Progroup demonstrated that issuers gaining flexibility will eventually seek to take advantage of it. The covenants for the issuer’s existing €150 million of senior secured FRNs due 2024 issued last year included additional flexibility for it to refinance its outstanding holdco PIK notes, which it utilized this month. We noted in a Market Alert published in connection with last year’s deal that while the covenants were being marketed by the syndicate as “similar” to the issuer’s prior deal, in reality the issuer had incorporated new uncapped capacity in the Restricted Payments covenant that would allow proceeds from a future debt offering to fully repay its holdco PIK notes. Without that provision, Progroup would have had to use other sources of Restricted Payments capacity or request consent from bondholders to take out the holdco PIK notes. 

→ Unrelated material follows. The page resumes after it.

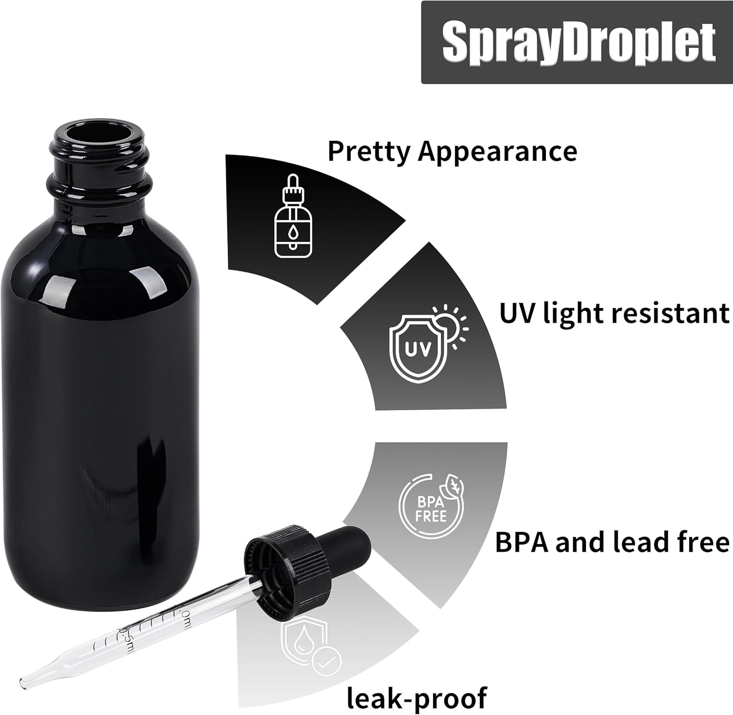 48 Pcs, 2oz Glass Dropper Bottle, Leakproof Tincture Bottles with Dropper, Black Reusable Eye Dropper Bottle, for All Kinds of Liquids (Black,2oz-48pcs)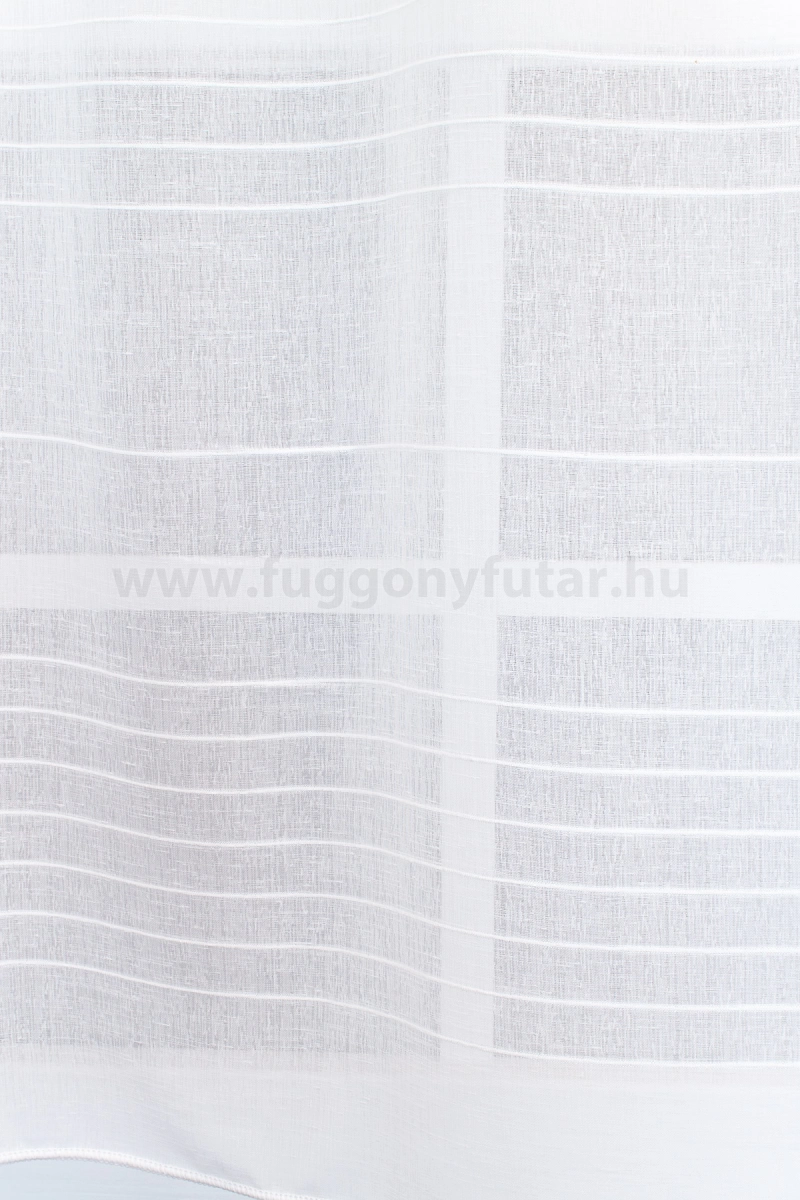 A függőleges csíkok izgalmassá teszik a teret Az ilyen függőleges csíkozású anyagokhoz válasszunk egyszínű, szórt vagy virágmintás sötétítőt. Ez a mintázat optikailag nyújtja a teret. A fehér szín légies és világos, fényt hoz a szobába A fehér a világosság és a tisztaság színe, egész nap érezhetjük a friss tavaszi szellő simogatását, ha egy szép fehér függöny díszíti az ablakunkat. A fehér színű fényáteresztő függönyöket bármilyen színű sötétítő függönnyel kombinálhatjuk, de a szoba falának színét mindig vegyük figyelembe.Ez a függöny skandináv lakberendezési stílushoz jól illeszthető Ez a függöny tökéletesen illeszkedik a skandináv stílus egyszerűséghez. Anyaga diszkréten simul bele a térbe, miközben kiemeli a helyiség hangulatát. Ideális választás, ha olyan textilt keresünk, amely rugalmasan alkalmazkodik a meglévő bútorokhoz és kiegészítőkhöz.Drámai és luxus hatás A tél típusú anyagok merészek, elegánsak és egy csipetnyi drámát visznek a térbe. Színvilágukban az éles kontrasztok és a mély, gazdag ékszertónusok dominálnak, mint a smaragdzöld, a zafírkék, a rubinvörös, kiegészítve a feketével, fehérrel és fémes csillogással. Ideális a magabiztos, kifinomult személyiségeknek. Anyaga diszkréten simul bele a térbe, miközben kiemeli a helyiség hangulatát. Ideális választás, ha olyan textilt keresünk, amely rugalmasan alkalmazkodik a meglévő bútorokhoz és kiegészítőkhöz.Anyaga: sablé Változó vastagságú szálakból szőtt anyag. Kevésbé hajlamos a gyűrődésre , mint a voile. 1.5x-es ráncolással ajánljuk.Terasz ajtókhoz, nagyobb ablakok függönyözéséhez jól használható A karnistól a felső szegéshez szükséges anyagot beleszámítva legfeljebb 308 cm hosszú függönyt lehet belőle varrni, ez alatt bármilyen méretben elkészítjük. Méreténél fogva alkalmas lehet terasz- és erkélyajtók, nagy belmagasságú helyiségek valamint normál ablakok függönyözésére is. A függöny aljába gyárilag varrt ólomzsinór megfelelő esést kölcsönöz a függönynek, megakadályozza az indokolatlan fellebbenést és az apróbb ráncokat is kisimítja.

In another refinancing transaction, Softbank launched an exchange offer and consent solicitation to refinance bonds issued in 2015. In exchange for 100 bps, bondholders were asked to relinquish certain protections against structural subordination, allow for more scope for value loss through Restricted Payments, and reduce the downside protection afforded by the Change of Control provisions, amongst other things. The new terms would also facilitate a potential listing of Softbank Corp., resulting in the potential loss of credit support. We urged investors to consider whether the consent fee was sufficient to compensate bondholders for these increased risks. 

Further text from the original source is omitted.